# 'Alive Day Memories'



## Rabid Badger (Jul 14, 2008)

This was on after 'GK': (bring kleenex-James Gandolfini did and used them, too)

http://www.hbo.com/aliveday/index.html

[ame="http://www.youtube.com/watch?v=mstpgpe070U"]YouTube - Alive Day Memories - Brian Williams & James Gandolfini[/ame]

[ame]http://www.youtube.com/watch?v=GcNkAGY_ufI&feature=related[/ame]

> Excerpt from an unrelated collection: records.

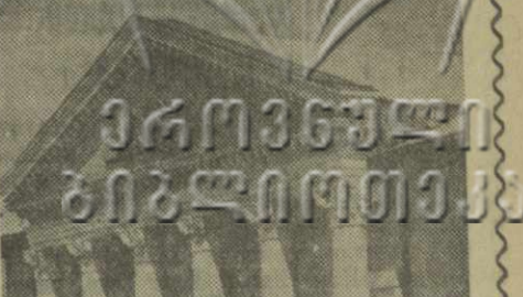
Сейчас проходит республиканский смотр культурно-просветительных учреждений.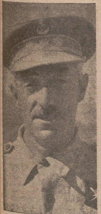
MADRID, 16 — VICTIMA DE CRUEL DOLENCIA, HA FALLECIDO ESTA MAÑANA EN MADRID, EL TENIENTE GENERAL BARRÓN.—Cifra.

LOS GRANDES REPORTAJES DE JORNADA MAÑANA: LA HERENCIA MAS DISPUTADA DEL SIGLO Miguel de Rumania, Carol Lambrino y la señora Lupescu, enfrentados El fallecido ex monarca rumano, poseía grandes cuentas bancarias en Estados Unidos, inmensas propiedades en Méjico y Brasil, importantes cantidades de oro en los bancos suizos y su residencia de Estoril está repleta de tesoros artísticos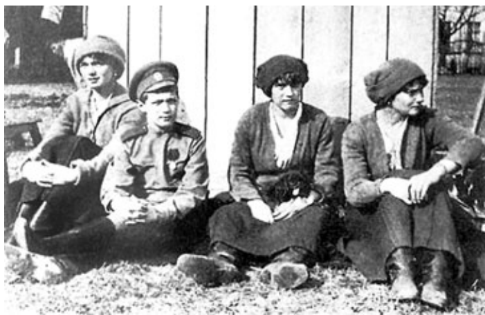
Одна из последних фотографий царских детей

Александровском дворце Царского села под домашним арестом.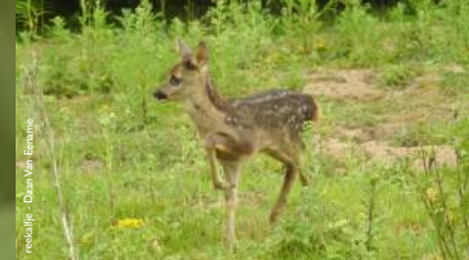
reuzejf - Daan Van Eenaeme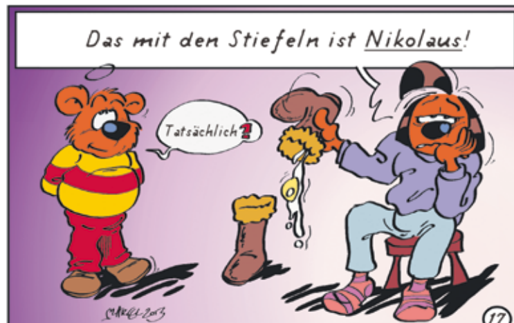
Zeichnung: Matthias Herrndorff/SoVD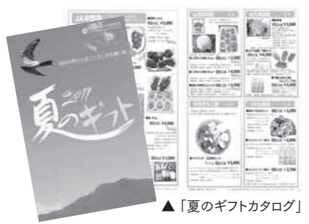
▲「夏のギフトカタログ」

市内の農産物や食品などを集めた『夏のギフト』カタログを発行しました。 今回のカタログは、新商品の掲載に加え、より充実した旬の農産物を取りそろえました。 市民の皆さんには、6月中旬に全戸配付します。 また、ふるさと信州中野会、姉妹都市の茨城県北茨城市と大分県竹田市の全戸などに配布します。 お世話になった方や親しい方などへの贈り物に、どうぞご利用ください。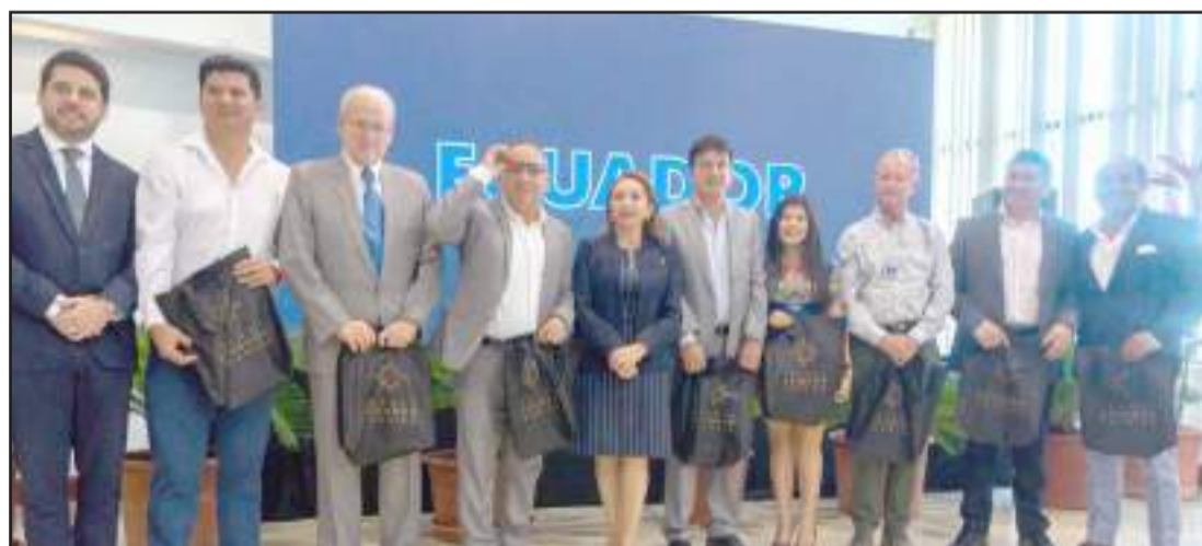
► Este trabajo conjunto logrará potenciar el desarrollo turístico de Ecuador

La dinamización del turismo interno en feriados, fines de semana y temporadas específicas del año es a donde apunta el programa "Viaja Ecuador", presentado este jueves 6 de febrero en Guayaquil, por parte del Ministerio de Turismo.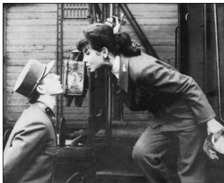
Fotografie z filmu Ostře sledované vlaky , 1966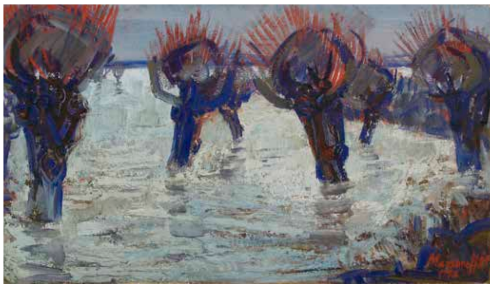
Fűzek a jeges árban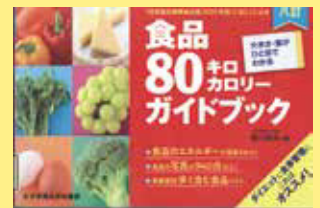
『八訂食品 80 キロカロリーガイ ドブック』香川 明夫／編 女子栄 養大学出版部 2022

厚生労働省のデータによると、 平均寿命と健康寿命の差は男 性で 8.49 年、女性で 11.63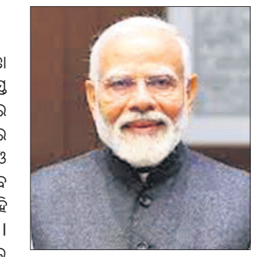
ପ୍ରଧାନମନ୍ତ୍ରୀ ନରେନ୍ଦ୍ର ମୋଦି।

ପ୍ରଧାନମନ୍ତ୍ରୀ ନରେନ୍ଦ୍ର ମୋଦି ଆସନ୍ତା ୨୯ରୁ ୩ ଦିନିଆ ଓଡ଼ିଶା ଗସ୍ତ କାର୍ଯ୍ୟକ୍ରମରେ ଆସୁଛନ୍ତି। ଏଠାରେ ୪୮ଦଣ୍ଡା ଆସନ୍ତା ପ୍ରଧାନମନ୍ତ୍ରୀ ଉଭୟ ଦଳୀୟ ଓ ସରକାରୀ କାର୍ଯ୍ୟକ୍ରମ ସମାପ୍ତ କରିବେ ବୋଲି ଜଣାପଡ଼ିଛି।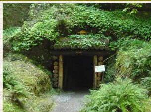
龍源寺間歩(イメージ)

龍源寺間歩は、石見銀山にある最大級の久保間歩に次いで長く約600mある杭道です。そのうち一般公開されている273m(新杭道含む)をご覧ください。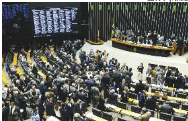
Gustavo Lima / Agência Câmara

BRASÍLIA: Trabalhadores têm o desafio de elevar sua representação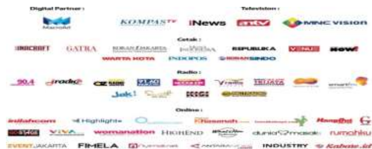
Media Partner Inacraft 2018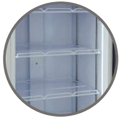
Repisas regulables Iluminación interior LED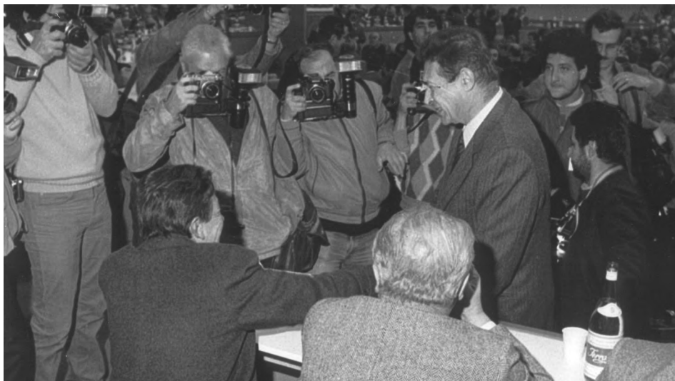
Lama saluta Berlinguer ripreso di spalle. X Congresso, Roma, 16-21 nov. 1981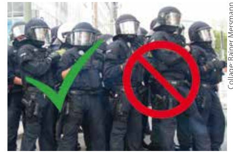
Collage: Rainer Meismann

Dürfen Polizei- und Spezialeinsatzkräfte bei Einsätzen fotografiert und gefilmt werden? Diese Frage wurde kürzlich für Bildjournalisten in Kiel aktuell. Der Kampfmittelräumdienst durchsuchte drei Schulen, die wegen einer akuten Bedrohung geräumt worden waren. An einer wurden die Medienvertreter aufgefordert, den Bürgersteig vor der Schule zu räumen und hinter eine „virtuelle“ Absperrung zu gehen, während Passanten diese ungehindert passieren durften. Der Kampfmittelräumdienst wolle (grundsätzlich) nicht bei seiner Arbeit gefilmt werden, hieß es. War diese Anordnung rechtmäßig? „Das Fotografieren und Filmen polizeilicher Einsätze unterliegt grundsätzlich keinen rechtlichen Schranken. Auch das Filmen und Fotografieren einzelner oder mehrerer Polizeibeamter ist bei aufsehenerregenden Einsätzen im Allgemeinen zulässig...“, heißt es in Ziffer 9 der „Verhaltensgrundsätze für Presse/Rundfunk und Polizei zur Vermeidung von Behinderungen bei der Durchführung polizeilicher Aufgaben und der Ausübung der freien Berichterstattung“ von 1993. Das Recht am eigenen Bild gilt zwar auch für Polizeibeamte, eine Einwilligung zur Verbreitung von Bildern eines Einsatzes ist jedoch nicht erforderlich, wenn die Aufnahmen bloß das Geschehen wiederge-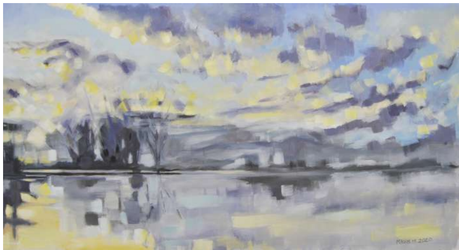
Paesaggio al tempo del Covid 19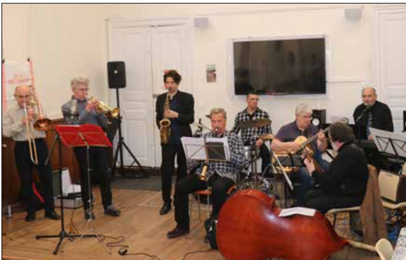
Le groupe Jazz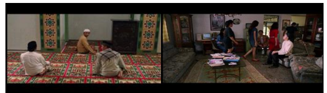
Gambar 4. Scene menunjukkan keikhlasan Uje menerima perlakuan orang-orang disekitarnya.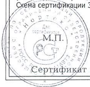
Схема сертификации З.

Маркировка продукции знаком соответствия производится по ГОСТ Р 50460-92. Место нанесения знака соответствия на упаковке и в сопроводительной документации.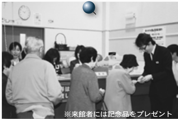
※来館者には記念品をプレゼント

有限会社トラベルシリウス(真庭市)が指定管理者となった湯命館で、リニューアルオープンセレモニーが行われました。食事処のリニューアルやキッズルームが新設されるなど、家族連れで来やすい施設になりました。

> In a war that has left more than 25,000 wounded, ALIVE DAY MEMORIES: HOME FROM IRAQ looks at a new generation of veterans. Executive Producer James Gandolfini interviews ten Soldiers and Marines who reveal their feelings on their future, their severe disabilities and their devotion to America. The documentary surveys the physical and emotional cost of war through memories of their "alive day," the day they narrowly escaped death in Iraq.



*Heroes all.**  MUCH RESPECT OUT.*


----------



## AMRUSMCR (Jul 14, 2008)

Wish I had HBO...  Looks like someone in Hollywood is doing something the right way for the right reason.


----------



## 8'Duece (Jul 14, 2008)

I've seen this a couple of times on HBO.  Well worth the time and James Gandolfini is gracious in his time with these veterans. He alway's corrected them when they said "thank you" to him by saying "NO!, thank you for your sacrifice" 

He's gets my thumbs up for this show. 

Great stuff. Hero's all !!


----------



## car (Jul 14, 2008)

Great post. Thanks, bro. I've been trying to catch this, but keep missing it.

Outta Kleenex - into the paper towels....


----------



## RackMaster (Jul 14, 2008)

Thanks RB.  I don't have HBO but I'll have to look for it on one of the channels up here.


----------



## Cesser (Jul 14, 2008)

gdamadg said:


> Thanks RB.  I don't have HBO but I'll have to look for it on one of the channels up here.



It was running on the Movie Network up here, not sure if it still is though.


----------



## Gypsy (Jul 14, 2008)

Makes me wish I had HBO...


----------



## RackMaster (Jul 14, 2008)

Cesser said:


> It was running on the Movie Network up here, not sure if it still is though.



;) Thanks.  I'll take a look.


----------



## Wicked1 (Jul 14, 2008)

Wow. Thanks, Mr. Gandolfini for not forgetting these people and for trying to make sure the rest of us don't forget them.

Excellent post, RB.


----------



## Cesser (Jul 14, 2008)

gdamadg said:


> ;) Thanks.  I'll take a look.



Unfortunately, I took a look, and probably cursed your chances of seeing it on TV.  Can't find anything about it on tmn.ca, but I'm sure it will come back.

Might have to rent this one in the meantime though.


----------



## pardus (Jul 15, 2008)

Much respect to JG for doing this and showing the stories of our people.

Most importantly, Thank you to the Vets who sacrificed so much for us all!


----------